You have an existing policies and you want to upload them in bulk.  Management console UI is not allowed to do most of bulk operations.  Then, how we are going to achieve them using WSO2 Identity Server?

All Management console operations are exposed via web service API.  Therefore basically,  you can write your own UI using these API.  We can simply automate these API to do bulk operations.

Web Service API

There are three web services that is exposed by XACML component of Identity Server. Here i am interesting in  EntitlementPolicyAdminService web service API.  It is the API that expose all policy management functions. This is an “admin service” of Identity Server.  “admin service” is a secured and hidden service. Therefore first you need to configure following property to see the WSDL of EntitlementPolicyAdminService service.
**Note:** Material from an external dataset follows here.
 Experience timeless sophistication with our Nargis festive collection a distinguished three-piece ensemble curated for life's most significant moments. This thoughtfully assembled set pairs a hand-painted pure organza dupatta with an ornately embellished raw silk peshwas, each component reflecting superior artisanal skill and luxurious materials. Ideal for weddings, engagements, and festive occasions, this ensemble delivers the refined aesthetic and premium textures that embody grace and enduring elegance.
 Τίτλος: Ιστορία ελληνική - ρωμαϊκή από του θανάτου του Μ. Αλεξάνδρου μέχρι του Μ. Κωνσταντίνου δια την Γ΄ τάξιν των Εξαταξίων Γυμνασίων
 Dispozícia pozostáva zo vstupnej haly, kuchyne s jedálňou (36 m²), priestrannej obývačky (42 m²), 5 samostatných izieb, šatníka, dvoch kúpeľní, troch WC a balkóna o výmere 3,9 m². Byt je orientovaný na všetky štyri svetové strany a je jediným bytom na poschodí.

Please open carbon.xml file which can be found at <IS_HOME>/repository/conf directory and set following property to “false”
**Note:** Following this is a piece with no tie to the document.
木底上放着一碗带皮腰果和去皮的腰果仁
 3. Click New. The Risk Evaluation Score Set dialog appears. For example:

<HideAdminServiceWSDLs>false</HideAdminServiceWSDLs>

Then restart server and please access following url from your browser to see the WSDL

https://{ip-address}:{port}/services/EntitlementPolicyAdminService?wsdl

Client for Policy Admin Service

If you are automating web service APIs, you can have several option.  Simple one it is to use the  web service client tools that is available in the web (such as SOAPUI  and Jmeter tools that i have used)

But i guess, best thing is it to write your own client. Here is the java client that i have written for automating web service API. It is very simple code.  you can go through it and find out API usages.

Please Note:

If you are using WSO2IS 4.5.0. Please find the java client here.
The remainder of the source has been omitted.